Work item: An exact transcription of all the records is required, minus the images.

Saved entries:

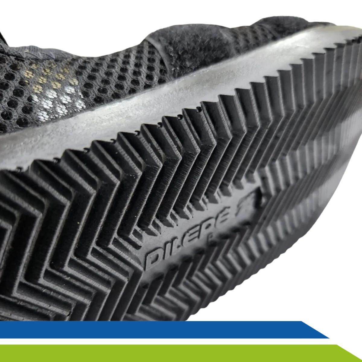 Solado em P.U. Antiderrapante: Segurança ao caminhar e maior durabilidade;
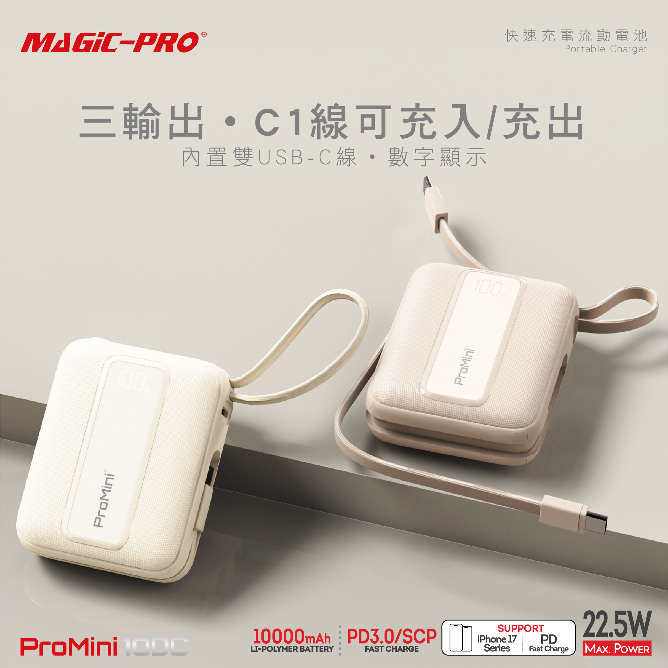 - 內置2x USB-C線, 數字顯示
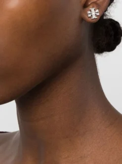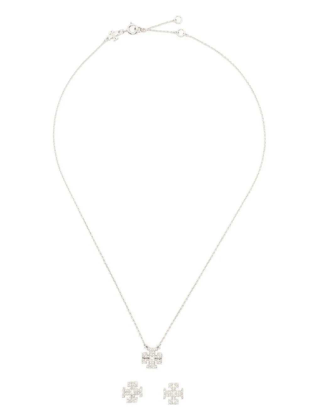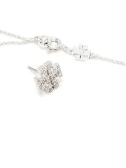 Kira Double-T necklace and earring set from TORY BURCH featuring silver-tone, plated finish, delicate chain, signature Double T motif, glass crystal embellishment, pavé setting, spring-ring fastening, adjustable fit, signature Double T motif, glass crystal embellishment, stud design, butterfly fastening and for pierced ears. These earrings come as a pair..
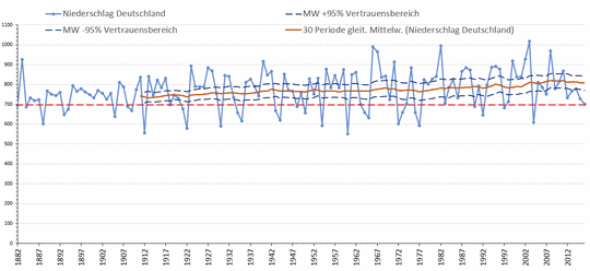Bild 2 Niederschlag Deutschland von 1882 – 2015 (Jahresauflösung). Grafik vom Autor anhand der DWD-Daten erstellt
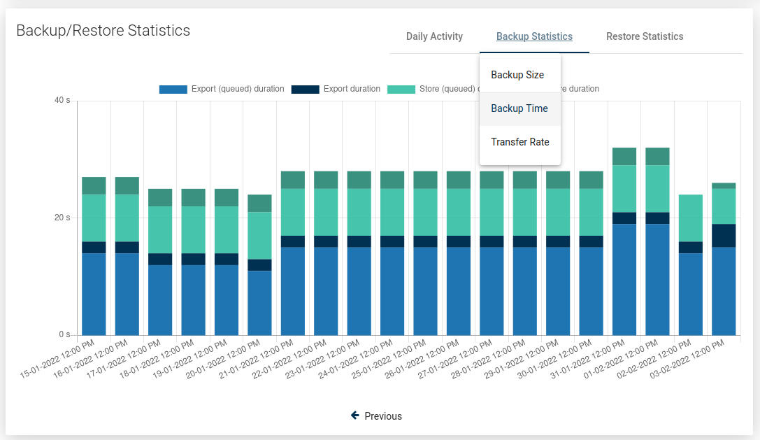 A view with the same properties as "Backup Time". It allows us to estimate how long it will take to restore the application backup files in the event of a failure.
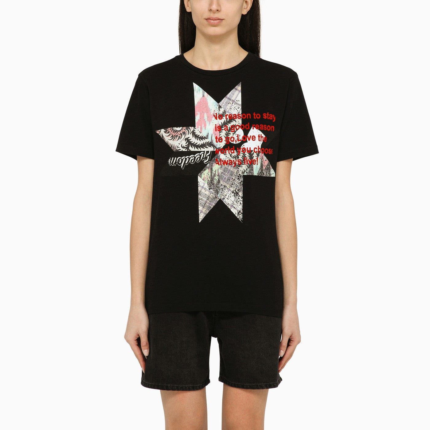 Black cotton crew-neck T-shirt from Isabel Marant featuring short sleeves, front print and straight hem.
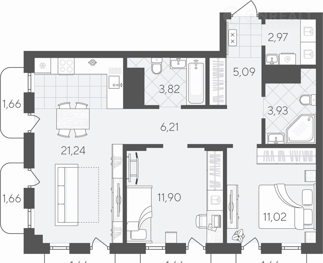 Квартира с двумя спальнями площадью 74.48 кв.м на 17 этаже с продуманной планировкой. Площадь квартиры условно разделена на гостевую зону и личное пространство только для вас и вашей семьи.
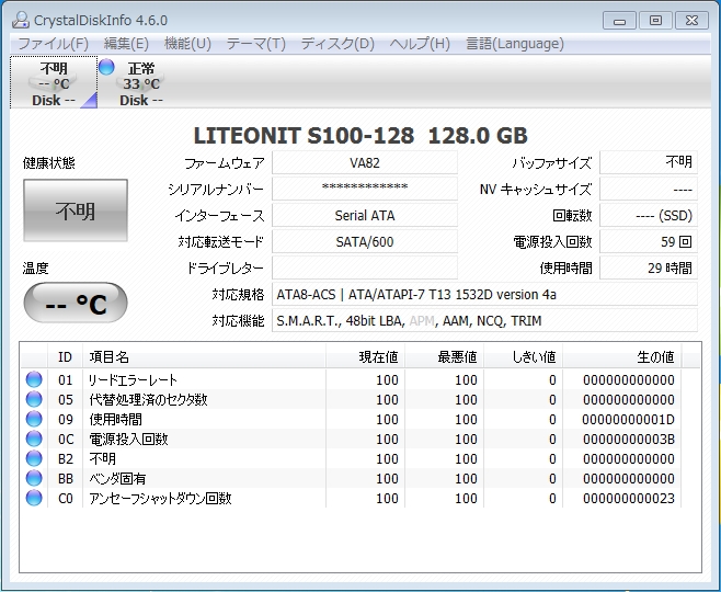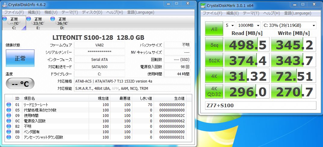 LITEON S100 128GB (LAT-128M3S-16/S100-128)のベンチマークです。

Result of this task:
 Solado em P.U. Antiderrapante: Segurança ao caminhar e maior durabilidade;
 - 內置2x USB-C線, 數字顯示
 Kira Double-T necklace and earring set from TORY BURCH featuring silver-tone, plated finish, delicate chain, signature Double T motif, glass crystal embellishment, pavé setting, spring-ring fastening, adjustable fit, signature Double T motif, glass crystal embellishment, stud design, butterfly fastening and for pierced ears. These earrings come as a pair..
Bild 2 Niederschlag Deutschland von 1882 – 2015 (Jahresauflösung). Grafik vom Autor anhand der DWD-Daten erstellt
 A view with the same properties as "Backup Time". It allows us to estimate how long it will take to restore the application backup files in the event of a failure.
 Black cotton crew-neck T-shirt from Isabel Marant featuring short sleeves, front print and straight hem.
 Квартира с двумя спальнями площадью 74.48 кв.м на 17 этаже с продуманной планировкой. Площадь квартиры условно разделена на гостевую зону и личное пространство только для вас и вашей семьи.
 LITEON S100 128GB (LAT-128M3S-16/S100-128)のベンチマークです。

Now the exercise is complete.